■ **What to work on**
Output the data below only from the line containing "Així doncs, per" up to and including the line containing "Figure 2 illustrates", exact and with the pictures left out.

■ **Input data**
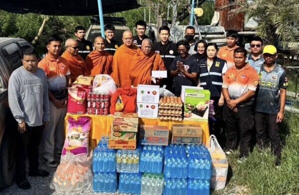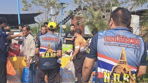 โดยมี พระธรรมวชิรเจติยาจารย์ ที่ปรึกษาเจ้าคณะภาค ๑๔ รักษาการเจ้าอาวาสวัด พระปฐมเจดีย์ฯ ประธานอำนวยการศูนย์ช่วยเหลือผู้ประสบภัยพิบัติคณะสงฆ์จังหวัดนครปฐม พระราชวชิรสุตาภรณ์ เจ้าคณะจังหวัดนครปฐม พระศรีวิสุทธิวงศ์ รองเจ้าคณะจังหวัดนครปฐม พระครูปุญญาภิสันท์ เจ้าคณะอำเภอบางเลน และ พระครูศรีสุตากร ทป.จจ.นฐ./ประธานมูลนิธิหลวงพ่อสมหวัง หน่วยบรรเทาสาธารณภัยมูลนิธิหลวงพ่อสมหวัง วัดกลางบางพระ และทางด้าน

==

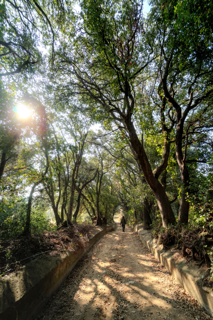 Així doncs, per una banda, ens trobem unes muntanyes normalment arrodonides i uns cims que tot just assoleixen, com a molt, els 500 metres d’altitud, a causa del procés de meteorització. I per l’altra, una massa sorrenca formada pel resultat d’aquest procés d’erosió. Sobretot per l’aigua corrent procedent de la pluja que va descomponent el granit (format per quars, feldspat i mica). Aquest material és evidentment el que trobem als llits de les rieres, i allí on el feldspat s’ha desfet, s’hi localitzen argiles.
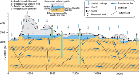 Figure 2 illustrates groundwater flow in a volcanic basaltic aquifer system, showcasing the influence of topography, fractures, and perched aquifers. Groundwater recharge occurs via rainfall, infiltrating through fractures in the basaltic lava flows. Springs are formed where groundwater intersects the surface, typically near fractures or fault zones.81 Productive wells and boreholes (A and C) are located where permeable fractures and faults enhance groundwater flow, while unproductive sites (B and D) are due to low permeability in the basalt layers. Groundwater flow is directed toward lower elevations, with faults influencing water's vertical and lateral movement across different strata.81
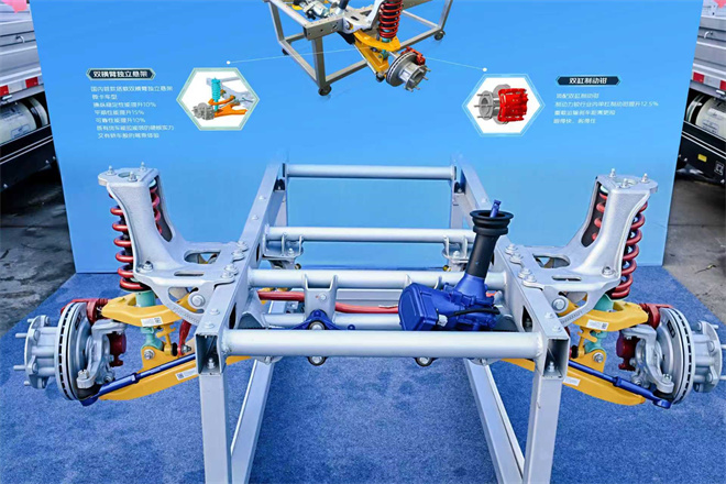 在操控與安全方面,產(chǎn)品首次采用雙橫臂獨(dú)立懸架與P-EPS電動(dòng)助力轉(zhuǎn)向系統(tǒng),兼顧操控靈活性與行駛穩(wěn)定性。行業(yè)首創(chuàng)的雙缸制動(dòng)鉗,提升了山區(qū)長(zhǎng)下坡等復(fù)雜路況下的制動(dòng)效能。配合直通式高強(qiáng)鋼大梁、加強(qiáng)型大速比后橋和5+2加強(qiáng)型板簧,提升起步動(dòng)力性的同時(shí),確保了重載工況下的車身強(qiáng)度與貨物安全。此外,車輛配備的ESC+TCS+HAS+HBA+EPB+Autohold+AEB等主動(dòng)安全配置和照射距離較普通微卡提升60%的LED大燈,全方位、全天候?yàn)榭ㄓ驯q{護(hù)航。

■ **Answer to the exercise**
 Així doncs, per una banda, ens trobem unes muntanyes normalment arrodonides i uns cims que tot just assoleixen, com a molt, els 500 metres d’altitud, a causa del procés de meteorització. I per l’altra, una massa sorrenca formada pel resultat d’aquest procés d’erosió. Sobretot per l’aigua corrent procedent de la pluja que va descomponent el granit (format per quars, feldspat i mica). Aquest material és evidentment el que trobem als llits de les rieres, i allí on el feldspat s’ha desfet, s’hi localitzen argiles.
 Figure 2 illustrates groundwater flow in a volcanic basaltic aquifer system, showcasing the influence of topography, fractures, and perched aquifers. Groundwater recharge occurs via rainfall, infiltrating through fractures in the basaltic lava flows. Springs are formed where groundwater intersects the surface, typically near fractures or fault zones.81 Productive wells and boreholes (A and C) are located where permeable fractures and faults enhance groundwater flow, while unproductive sites (B and D) are due to low permeability in the basalt layers. Groundwater flow is directed toward lower elevations, with faults influencing water's vertical and lateral movement across different strata.81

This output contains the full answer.